## THE INPUT
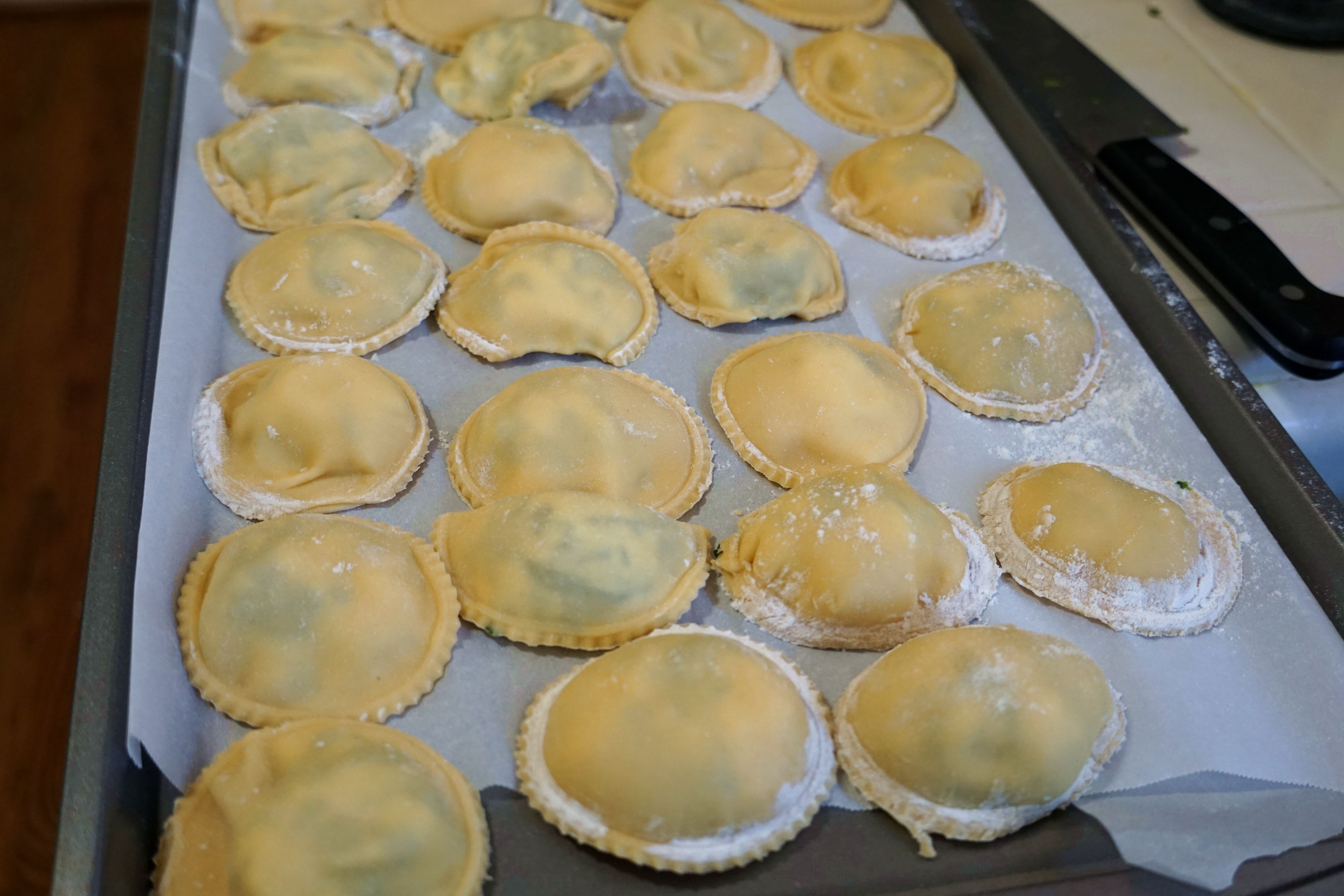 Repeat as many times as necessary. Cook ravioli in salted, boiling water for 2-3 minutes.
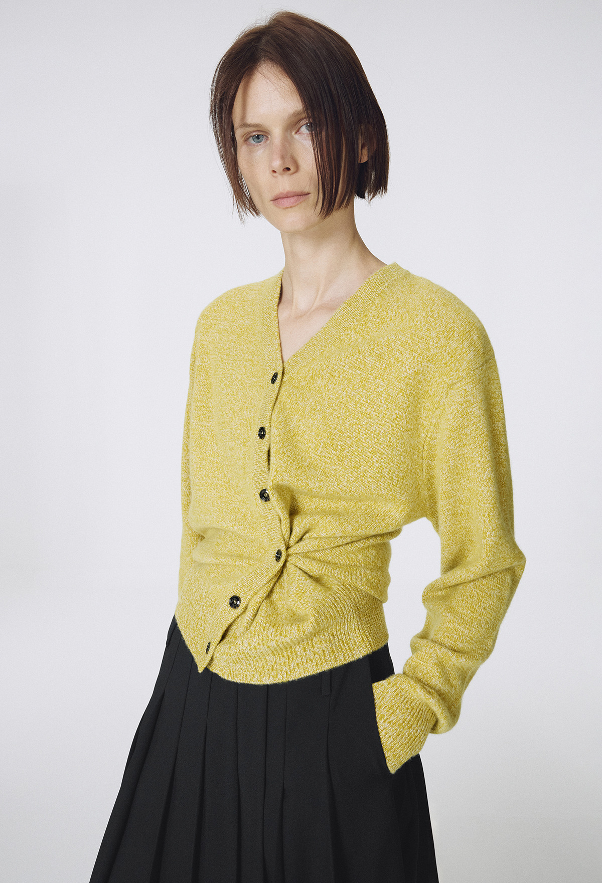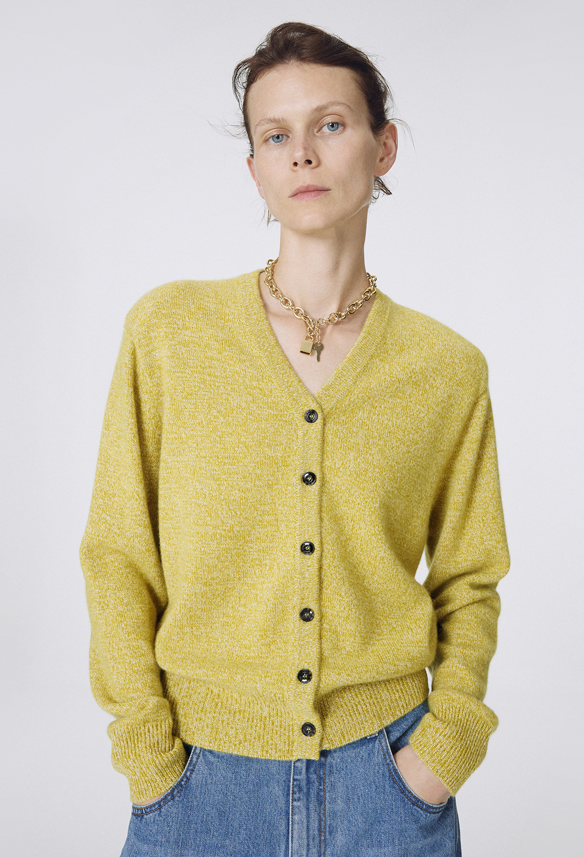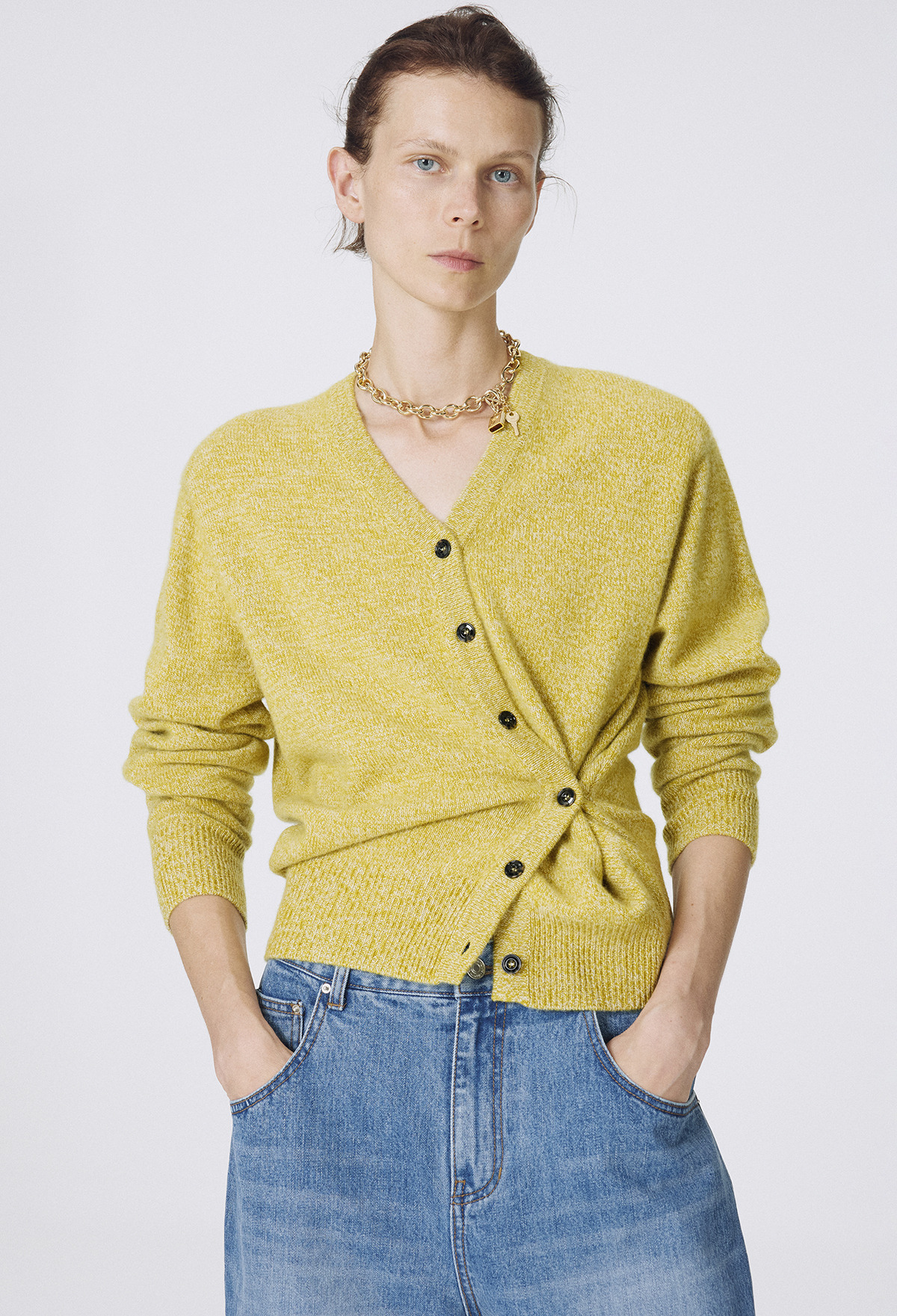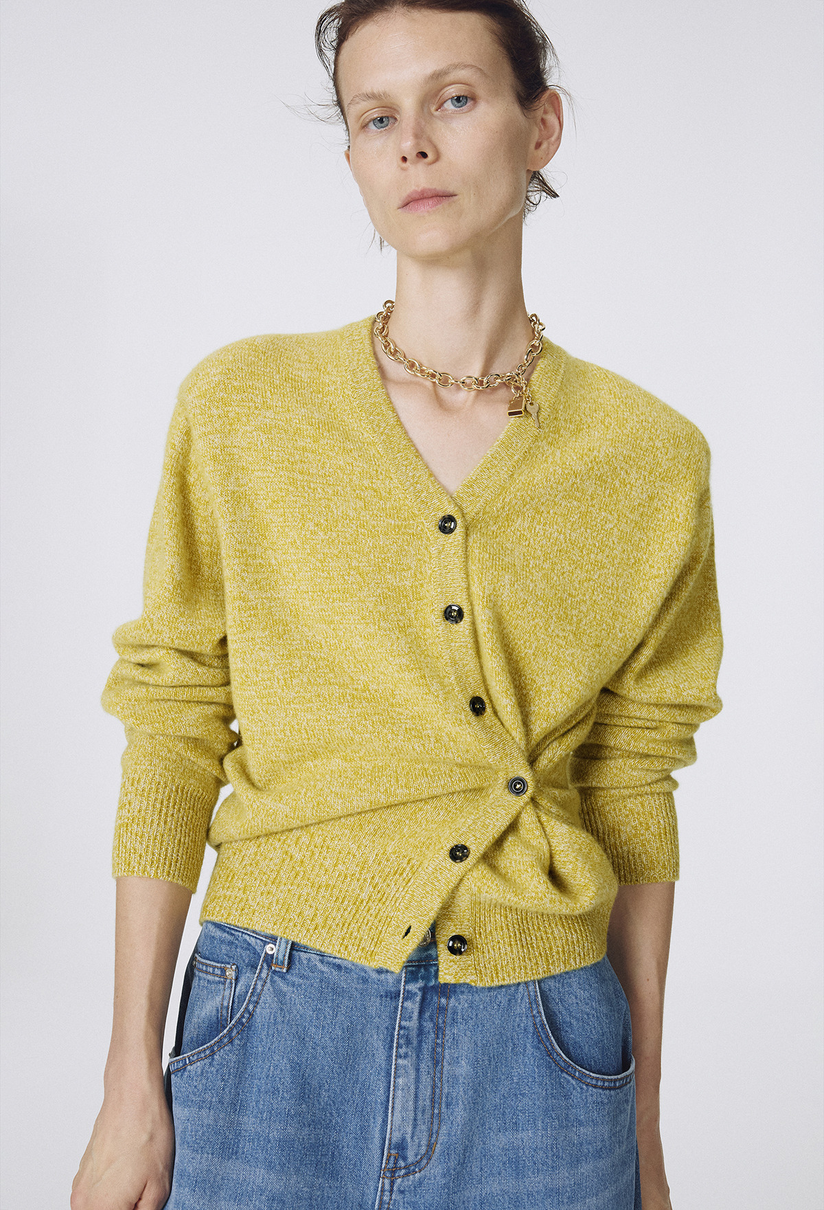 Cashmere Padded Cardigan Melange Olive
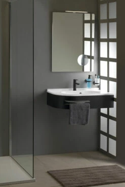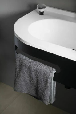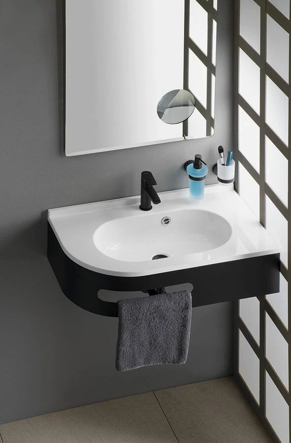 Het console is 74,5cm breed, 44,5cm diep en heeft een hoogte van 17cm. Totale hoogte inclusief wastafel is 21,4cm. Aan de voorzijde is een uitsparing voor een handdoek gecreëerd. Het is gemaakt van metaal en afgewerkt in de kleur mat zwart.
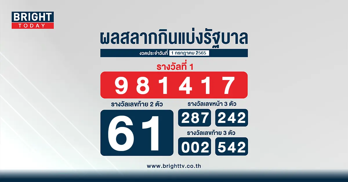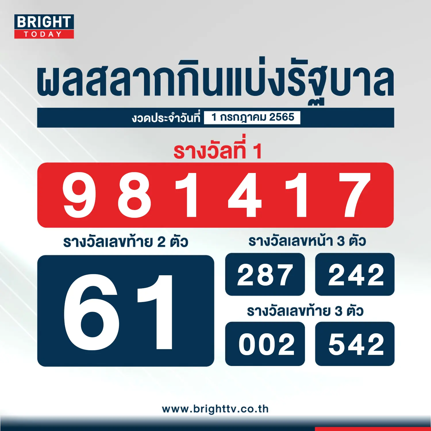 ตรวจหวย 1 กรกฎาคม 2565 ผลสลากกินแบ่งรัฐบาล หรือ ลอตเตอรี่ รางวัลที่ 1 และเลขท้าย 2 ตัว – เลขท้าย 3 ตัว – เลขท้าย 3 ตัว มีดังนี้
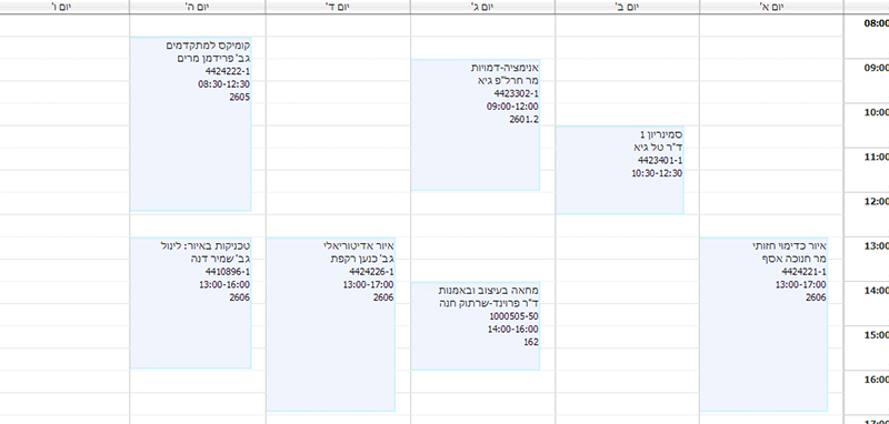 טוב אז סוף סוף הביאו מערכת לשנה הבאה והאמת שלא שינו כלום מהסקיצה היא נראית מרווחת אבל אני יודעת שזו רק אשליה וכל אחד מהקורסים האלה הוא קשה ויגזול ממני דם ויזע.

## YOUR TASK
Please reproduce the records above exactly and leave any picture behind.

## WRITTEN ANSWER
 Repeat as many times as necessary. Cook ravioli in salted, boiling water for 2-3 minutes.
 Cashmere Padded Cardigan Melange Olive
 Het console is 74,5cm breed, 44,5cm diep en heeft een hoogte van 17cm. Totale hoogte inclusief wastafel is 21,4cm. Aan de voorzijde is een uitsparing voor een handdoek gecreëerd. Het is gemaakt van metaal en afgewerkt in de kleur mat zwart.
 ตรวจหวย 1 กรกฎาคม 2565 ผลสลากกินแบ่งรัฐบาล หรือ ลอตเตอรี่ รางวัลที่ 1 และเลขท้าย 2 ตัว – เลขท้าย 3 ตัว – เลขท้าย 3 ตัว มีดังนี้
 טוב אז סוף סוף הביאו מערכת לשנה הבאה והאמת שלא שינו כלום מהסקיצה היא נראית מרווחת אבל אני יודעת שזו רק אשליה וכל אחד מהקורסים האלה הוא קשה ויגזול ממני דם ויזע.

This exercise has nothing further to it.